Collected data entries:
_ _ _ _ _

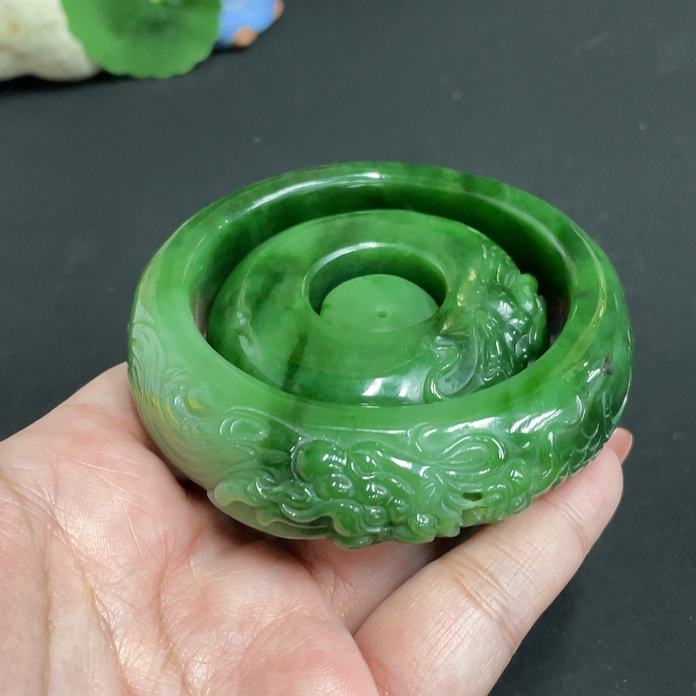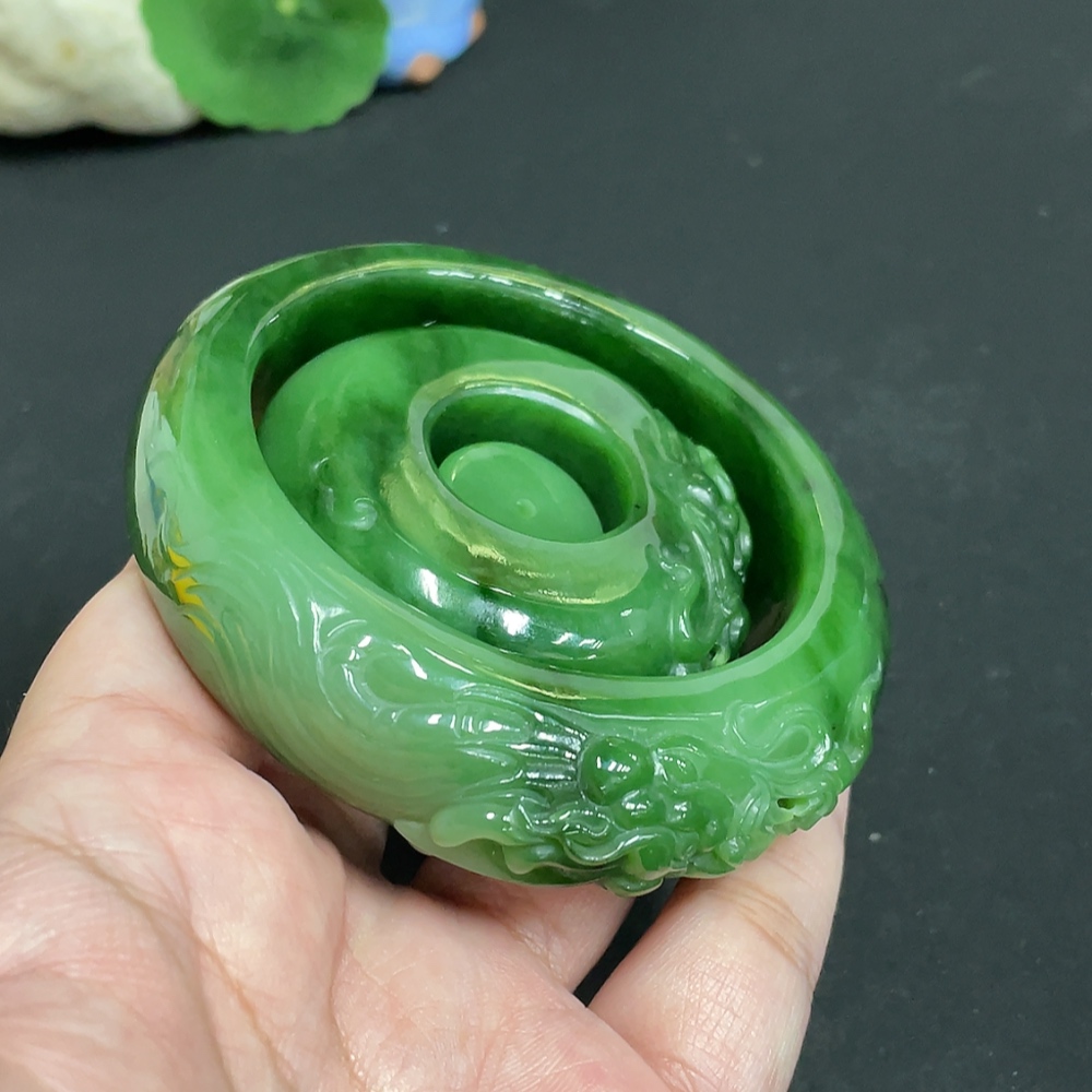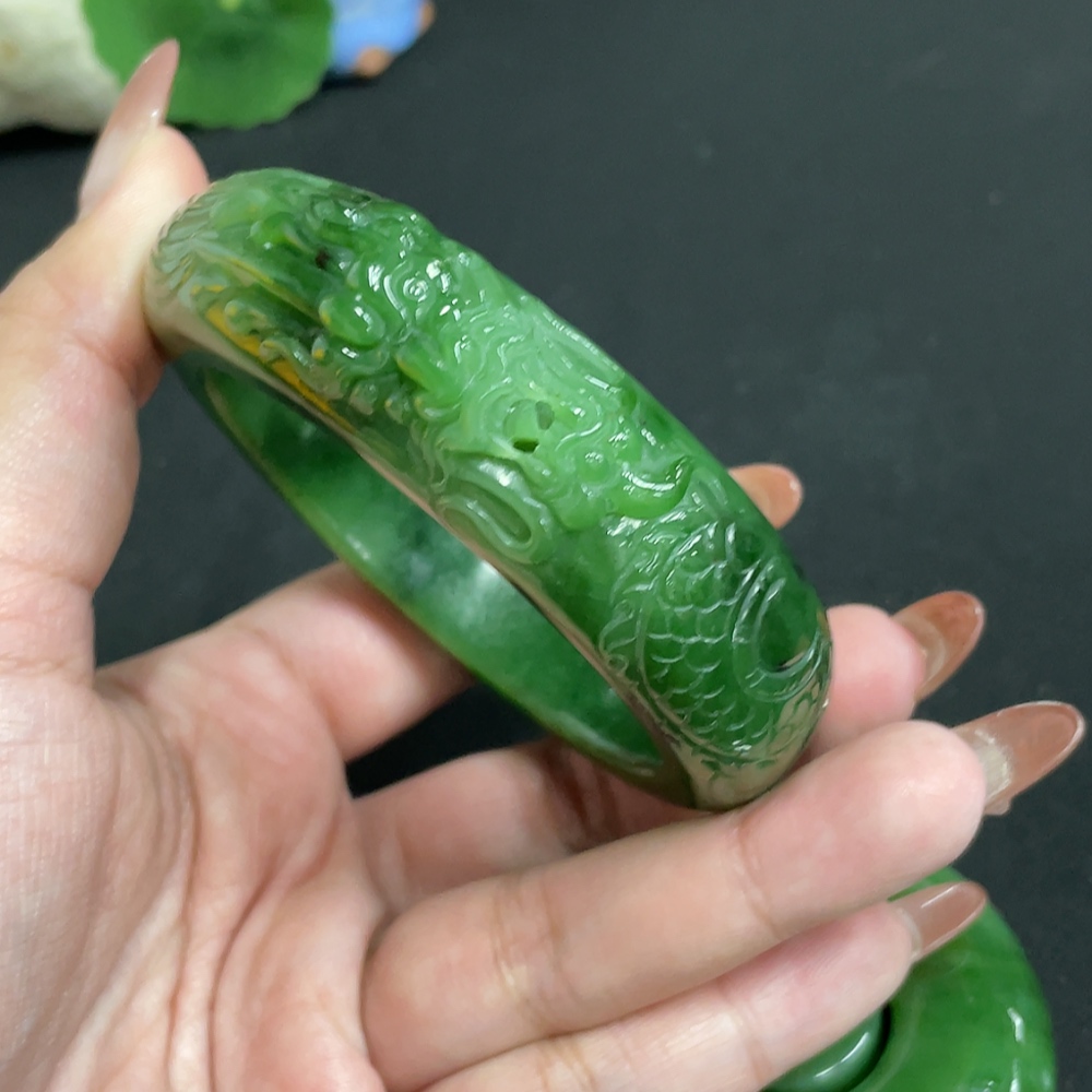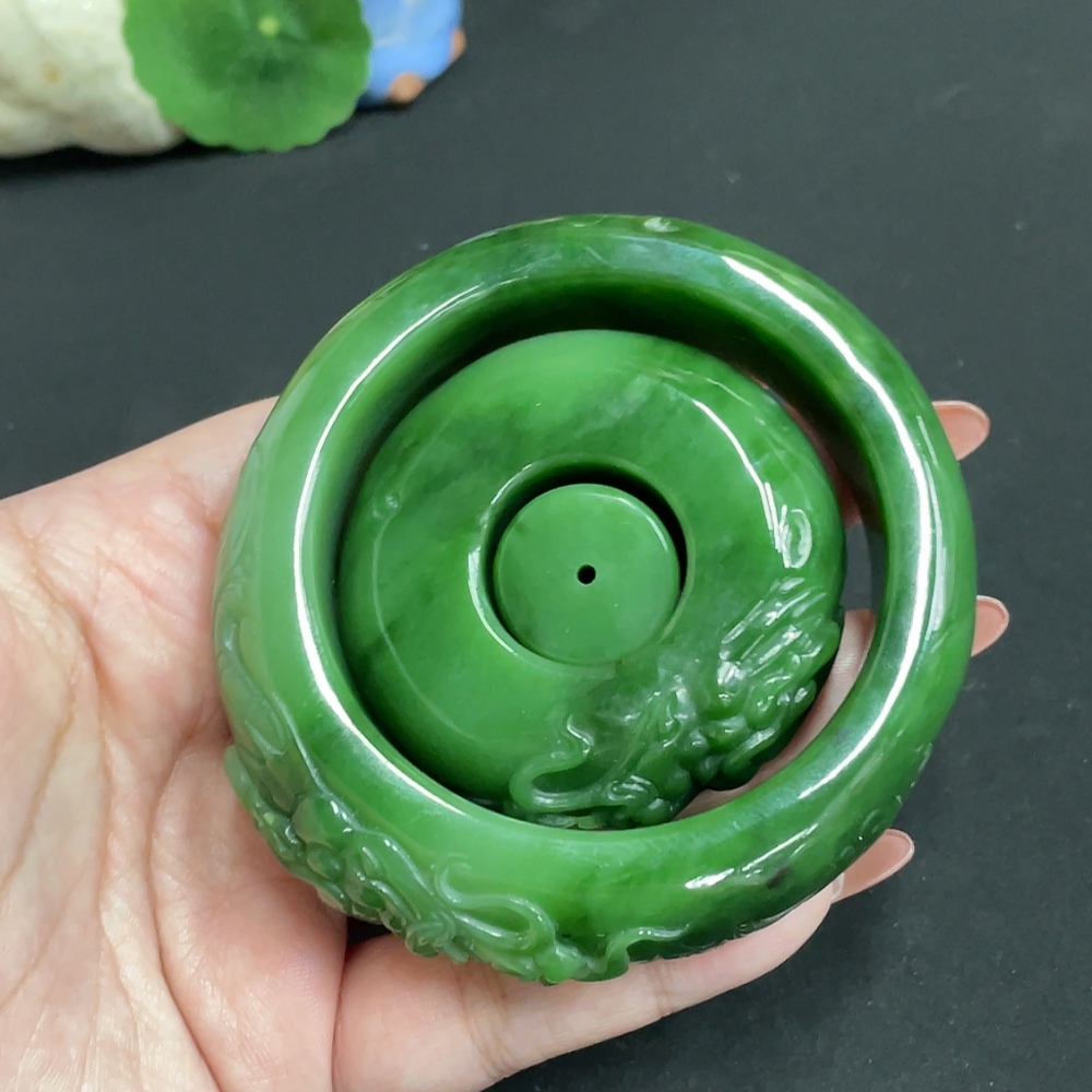 Hetian Jade Auspicious Beast Mother-and-Son Clasp, Round Bangle, Total Weight Approx. 222.1g
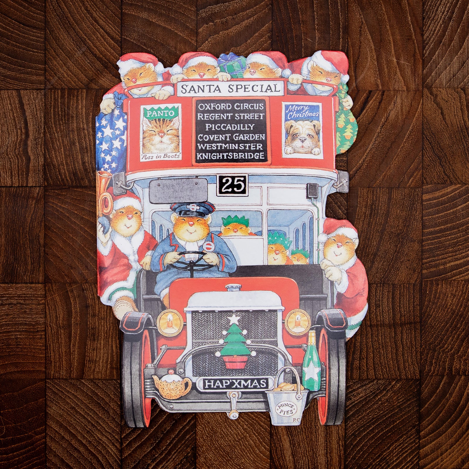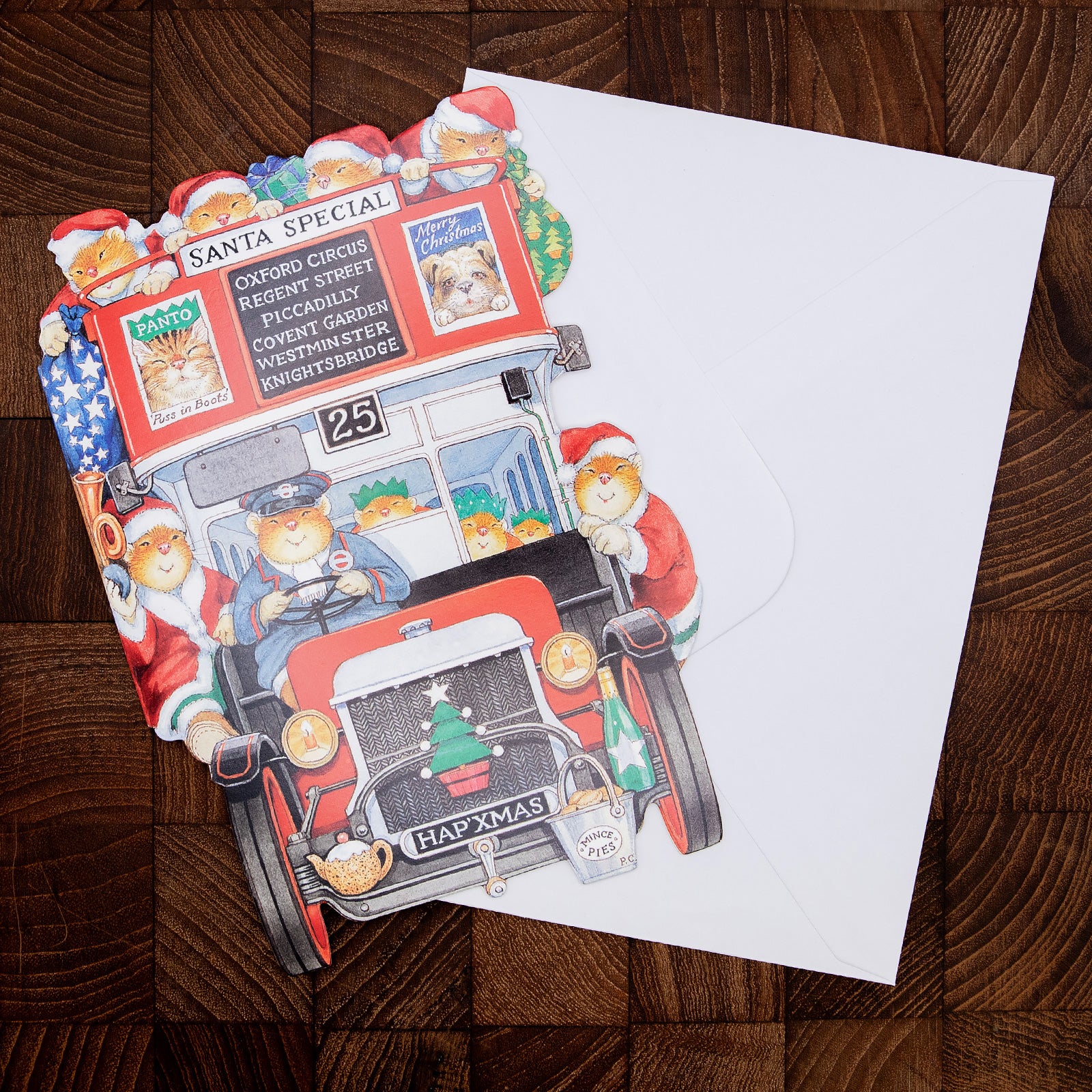 ダイカット クリスマスカード ピータークロス クリスマスのバス メッセージカード 封筒付き 白
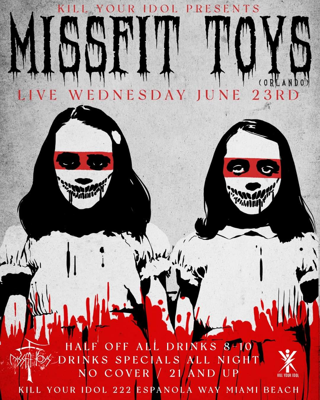KYI Presents - MISSFIT TOYS - Live on our stage Wednesday June 23, 2021 Half off ALL drinks from 8pm - 10 pm Drink Specials all night after 10 no cover / no reservations / 21+ #miamibeachbars #SouthBeachbars #KYI #KYIMiami #KillYourIdol #MissfitToys
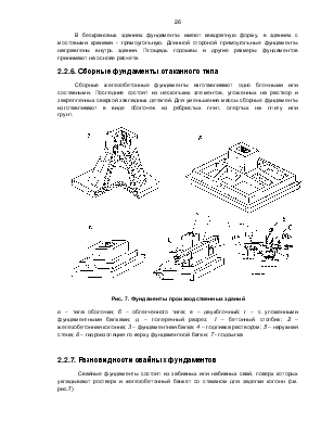Сборные железобетонные фундаменты изготавливают одно блочными или составными. Последние состоят из нескольких элементов, уложенных на раствор и закрепленных сваркой закладных деталей. Для уменьшения массы сборные фундаменты изготавливают в виде оболочек из ребристых плит, опертых на плиту или грунт.
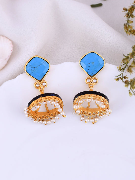 Gold Plated Blue Stone Jhumkas Earring For Women
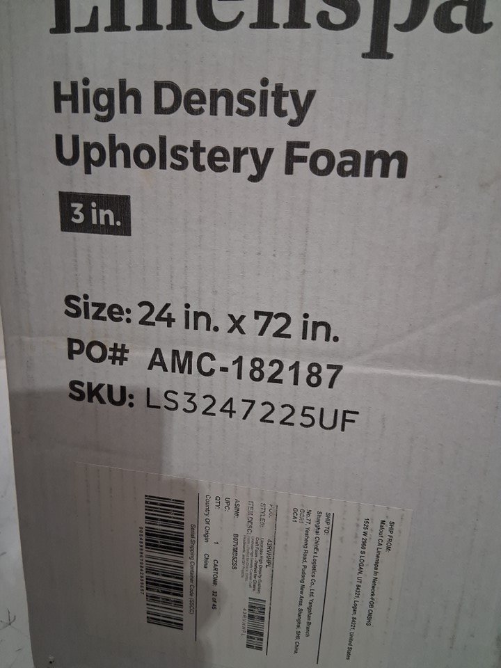 LINENSPA HIGH-DENSITY UPHOLSTERY FOAM - 72" x 24" x 3" - WHITE (MODEL: LS3247225UF)

_ _ _ _ _

--- Assigned task ---
Reproduce the data above exactly, but only the lines from the one showing "ダイカット クリスマスカード ピータークロス" through the one showing "KYI Presents - MISSFIT", with both ends kept and the pictures left out.

--- Result ---
 ダイカット クリスマスカード ピータークロス クリスマスのバス メッセージカード 封筒付き 白
KYI Presents - MISSFIT TOYS - Live on our stage Wednesday June 23, 2021 Half off ALL drinks from 8pm - 10 pm Drink Specials all night after 10 no cover / no reservations / 21+ #miamibeachbars #SouthBeachbars #KYI #KYIMiami #KillYourIdol #MissfitToys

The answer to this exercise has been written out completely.